I just got into the job market (I studied for 8 years, 4 degrees, now graduated for good, did some serious jobs on the side).

So far I disagree. I have had 5 freelance gigs: two in iOS (couple of years ago), one as a web dev coding instructor for a year (1 to 2 years ago), one in React frontend (1.5 years ago) and now 1 as a full-stack/dev-ops/semi 'data scientist' person.

Computer science allows me to rise above the difficulties that I'm facing now since all I'm building are glorified CRUD apps. I am looking for a company that takes software engineering more seriously than this. Because of building glorified CRUD apps and some knowledge of soft skills + some git knowledge is all there is, then a computer science degree is overkill.

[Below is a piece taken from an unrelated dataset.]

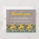 Begräbnisdanken Sie notieren auf einer flachen Einladungskarte ist eine einfache Möglichkeit, denen zu danken, die Ihnen Trost während Ihres Aufenthalts gezeigt haben. Diese rustikale Dankeschön-Karte verfügt über einen Barnholzhintergrund, eine Reihe hellgelber Sonnenblumen und ein personalisiertes Dankeschön-Template.

For comparison: I made iphone apps during courses in my CS degree, I disabled viruses, fiddled around with concolic execution, created a computer graphics engine, created a compiler(ish) an operating system(ish), learned UML, some software architecture.

How is this not enough for CRUD apps?

I’ll be curious to see what happens to the people who do have advanced degrees if a lot of the “traditional” jobs that require them today suddenly don’t. Will they be the next generation of PHB’s? Or will they just keep working the same jobs that they used to do? Will their pay go down as they do? Or will an entirely new sort of job emerge?